I have here a linux based application that was recently moved onto a faster server with lots of memory and fast disks. The application, written in C, basically performs the following steps:
Read data from a file
allocate memory for the data
add the data to a linked list
When I run the application on the older server and monitor the CPU performance, I see it spending about 20% of its time in IO Wait and 15% in kernel mode. When I move the application to the new fast server, it spends about 1% in IO Wait mode and 40% in kernel mode. While this is sort of a good thing, if I run about 16 of these I can max out the CPUs my new dual quad core server. I need to do other things on this server and this gets in the way. When I analyze where the application is spending its time, on the old server it is mostly read and on the new server it is mostly malloc. On the new server there is lots of free memory and on the old server memory is more limited. In top, I can observe the memory allocation going up as the linked list is built. The list can be very long and it can take several minutes.
The obvious path is to rewrite the application so that the memory is allocated once at the beginning of data retrieval. The list is not open-ended, so the amount of memory required can be determined in advance (or at least close enough). However, changing the application will take some time and I would like to see if there is a way to tune the Linux OS to optimize performance of this application in its current state.

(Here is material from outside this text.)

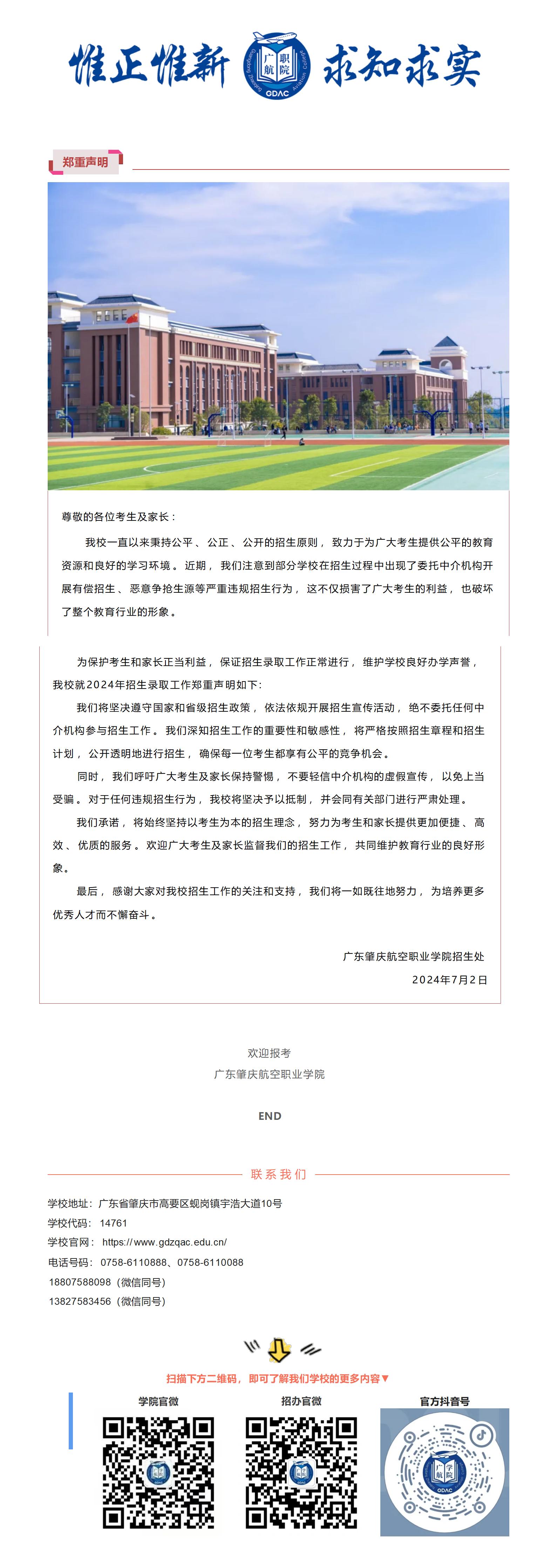 权威发布 | 广东肇庆航空职业学院2024年省外招生计划公布

I can tweak system configuration paramenters, user account parameters, hardware, process priorities and stuff like that. I could probably even patch the kernel if that would help. The one thing I can't easily do is modify the application.
I realize that by changing the priorities of the processes, I can "buy back" some of the throttling effect being provided by the slower I/O subsystem on the older machine. That has the net effect of extending the time it takes to build the linked list, so doesn't count as a valid answer to this question. What I am looking for is an approach that reduces the total time the application is spending in kernel mode.
Thank you in advance.